So, Amazon had four major outages of their cloud services last year with the longest and most notable being the one that took Netflix streaming down for 23 hours during the busy holiday period. This article over on TechTarget discusses how Cloud up time is many times higher than enterprise data center up time. This got me to considering how Cloud up time should be measured compared to data center up time. If you have any experience managing SLA’s you have discovered how up time is defined (if at all) determines your vendor’s incentive and therefore level of efforts in restoring your application.

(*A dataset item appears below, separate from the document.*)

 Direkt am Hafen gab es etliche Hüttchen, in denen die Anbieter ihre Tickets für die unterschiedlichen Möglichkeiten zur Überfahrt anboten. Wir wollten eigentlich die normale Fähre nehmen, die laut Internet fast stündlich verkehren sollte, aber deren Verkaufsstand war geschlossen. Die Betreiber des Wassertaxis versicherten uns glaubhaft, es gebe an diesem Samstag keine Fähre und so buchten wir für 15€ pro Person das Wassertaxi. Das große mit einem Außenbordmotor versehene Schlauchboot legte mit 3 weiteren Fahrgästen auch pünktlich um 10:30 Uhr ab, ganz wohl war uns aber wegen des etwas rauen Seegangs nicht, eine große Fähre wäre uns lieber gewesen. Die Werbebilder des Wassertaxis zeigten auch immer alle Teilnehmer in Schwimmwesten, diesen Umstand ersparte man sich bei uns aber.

Applications are the name of the game and especially in Cloud based services. Normally when you consider a Cloud solution you mainly look at hosting a specific application or set of applications. This is where the legal jargon of what a vendor considers availability versus what you may consider availability come into play. In the traditional data center we measure the availability of the major subsystems from HVAC to SAN and Network. But how does this all translates to a service provider? If your virtual machine (VM) is up and running but the Cloud the private connection to your database hosted in your DC is unavailable how is up time calculated? Who has responsibility in ensuring the connection stays available? This is just one possibility of cross organizational support issues that exist in a Cloud environment.
It doesn’t mean much to have a VM physically up and running but not have access to the application. Some vendors will still consider the above state as operational and not count against up time. I do sympathize with Cloud vendors as this is a slippery slope. How do you create a demarcation between the Cloud provider’s assets and the customer’s. You can use application monitoring tools that create synthetic transactions to measure up time but what if the application failure is on your end and not the Cloud provider’s?

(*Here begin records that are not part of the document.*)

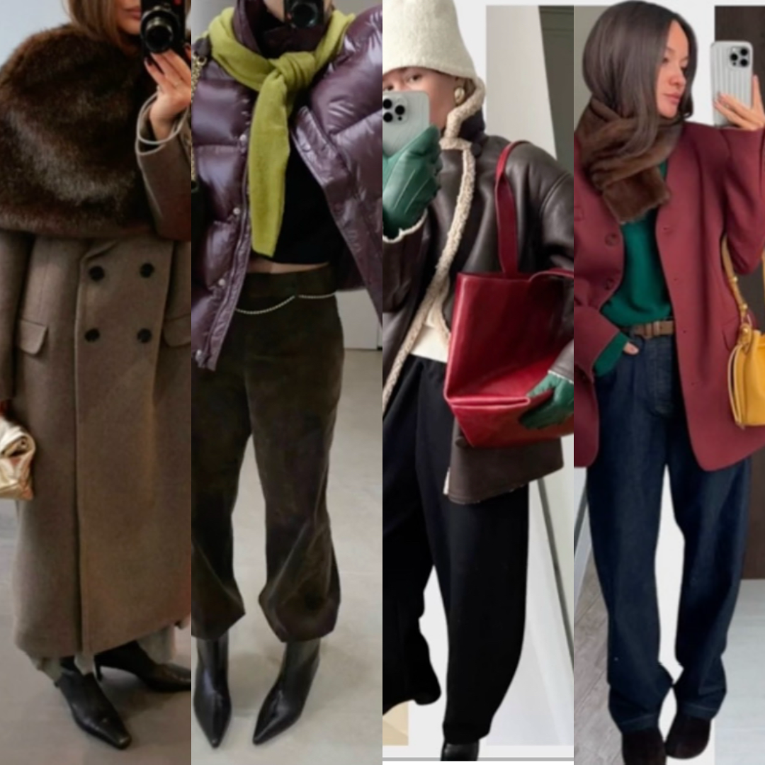 В осенне- зимнее время у нас нет такого разнообразия средств выразительности, приемов в гардеробе и количества верхней одежды, поэтому расскажу о том что поможет в стилизации комплектов: Посмотрите как выглядит на фото образ слева и справа несколько других вариантов, где есть разные фактуры ткани: кожа, мех, пушистый трикотаж. Этот простой приём может сделать и вывести Ваш стиль на новый более интересный и сложный уровень. В холодное время года, мы интуитивно выбираем более глубокие и темные оттенки одежды и на мой взгляд, они действительно выглядят не только универсально и практично, но уютно и дорого. Обратите внимание на оттенки коричневого: шоколад, кофе, корица, то что мы так любим особенно зимой. Так же многим колоритам подойдут и хаки, бордовый , фиолетовый, бирюзовый. Не забывайте, что колорит можно легко определить и узнать что в портретной зоне будет подчеркивать вашу красоту, и скрывать маленькие недостатки. Цветовой акцент в осеннем и зимнем гардеробе, будет очень инт
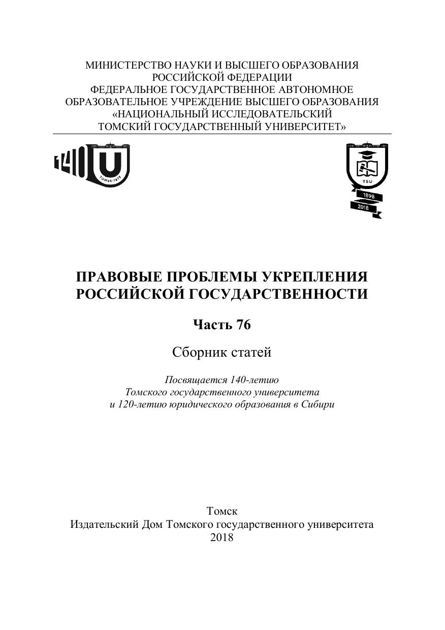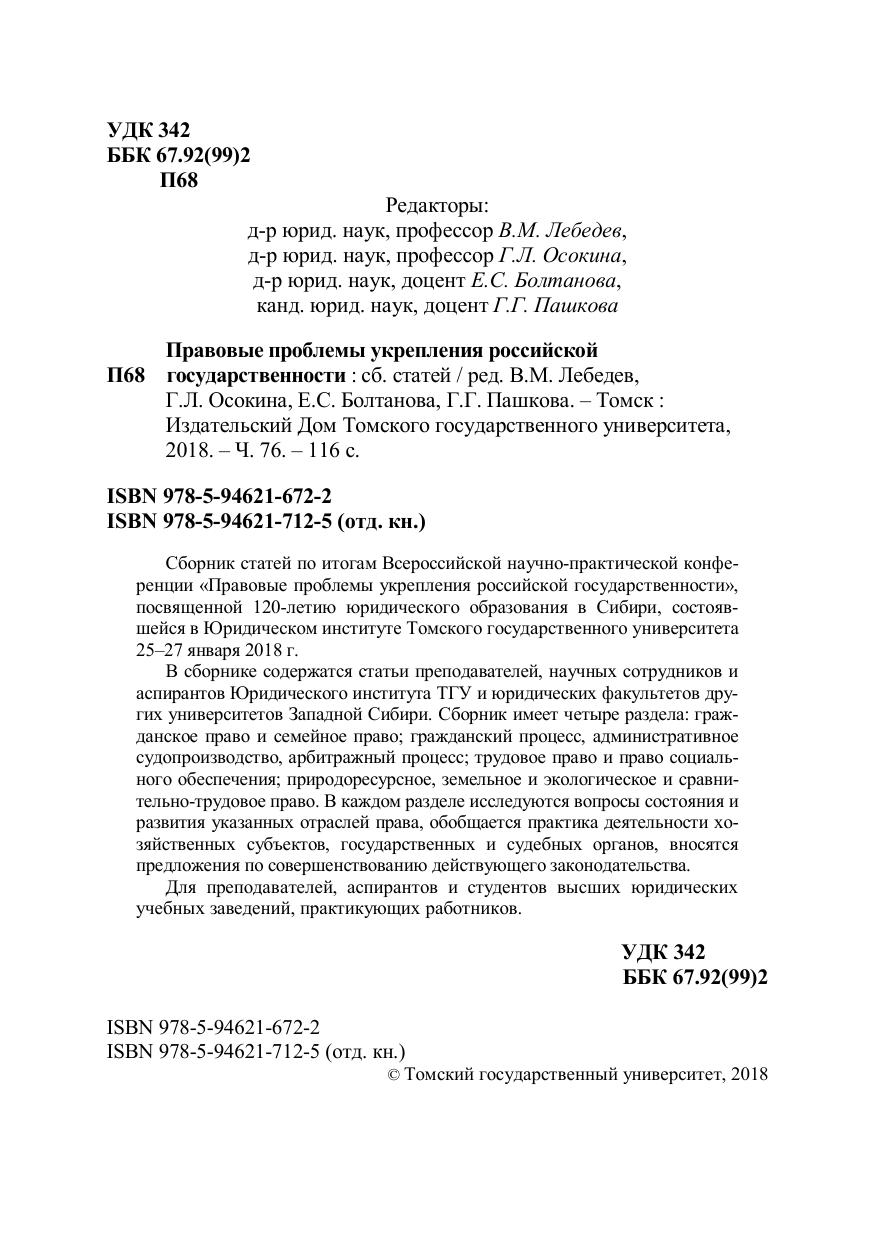 Сборник статей по итогам Всероссийской научно-практической конференции «Правовые проблемы укрепления российской государственности», посвященной 120-летию юридического образования в Сибири, состоявшейся в Юридическом институте Томского государственного университета 25–27 января 2018 г. В сборнике содержатся статьи преподавателей, научных сотрудников и аспирантов Юридического института ТГУ и юридических факультетов других университетов Западной Сибири. Сборник имеет четыре раздела: гражданское право и семейное право, гражданский процесс, административное судопроизводство, арбитражный процесс, трудовое право и право социального обеспечения, природоресурсное, земельное и экологическое и сравнительно-трудовое право. В каждом разделе исследуются вопросы состояния и развития указанных отраслей права, обобщается практика деятельности хозяйственных субъектов, государственных и судебных органов, вносятся предложения по совершенствованию действующего законодательства. Для преподавателей, аспирантов и студентов высших юридических учебных заведений, практикующих работников.
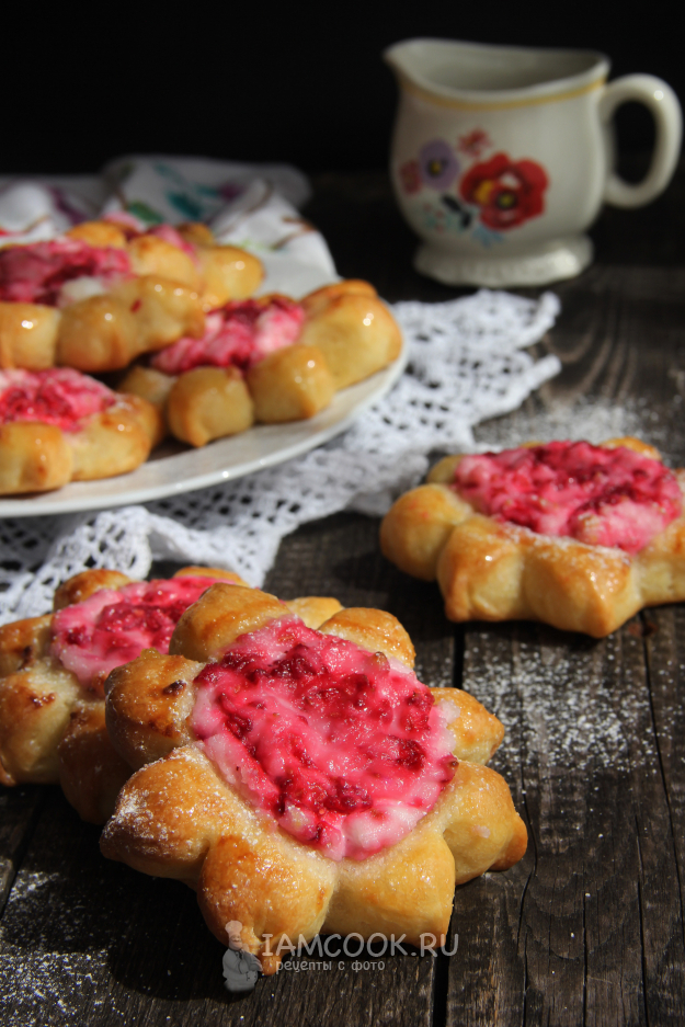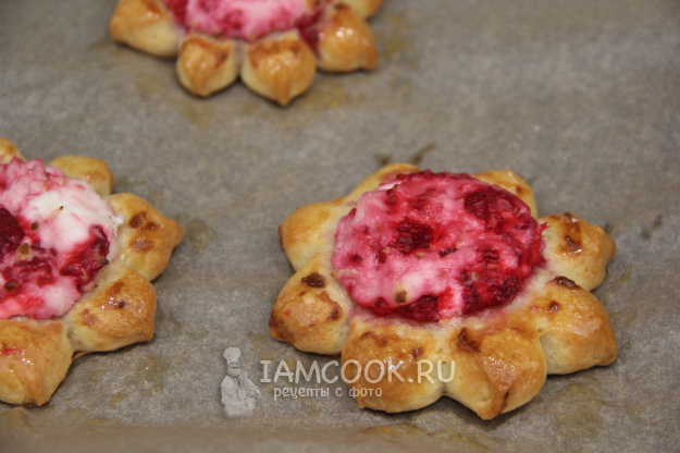 Выпекать булочки с малиной и творогом в разогретой духовке при 200 градусах примерно 25 минут.

This is one of the areas I think providers like Rackspace have an opportunity to gain market share with their OpenStack Cloud. Their “Fanatical” support approach looks to help customers keep their applications up and running no matter the source of the issue. They will even upon request log into you VM and help figure out the issue. I’ve dinged Rackspace in the past for playing word games with their SLA’s but bottom line they do have some of the best and most transparent support in the hosted business.

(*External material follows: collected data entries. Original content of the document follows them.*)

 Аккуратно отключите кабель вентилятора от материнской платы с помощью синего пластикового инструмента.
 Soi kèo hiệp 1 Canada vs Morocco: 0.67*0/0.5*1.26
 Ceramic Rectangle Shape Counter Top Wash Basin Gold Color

Even with this different take on Cloud support, measuring and evaluating up time metrics is a interesting challenge for Cloud customers. It introduces a new skill is vendor SLA management. If you are looking to migrate your first application to the Cloud, I’d take an especially hard look at the Cloud provider’s wording for service availability and what parts of the infrastructure and service they are ensuring is available and the level of support offered
As an enterprise customer looking at Cloud providers how do you evaluate (and value) Cloud providers on availability?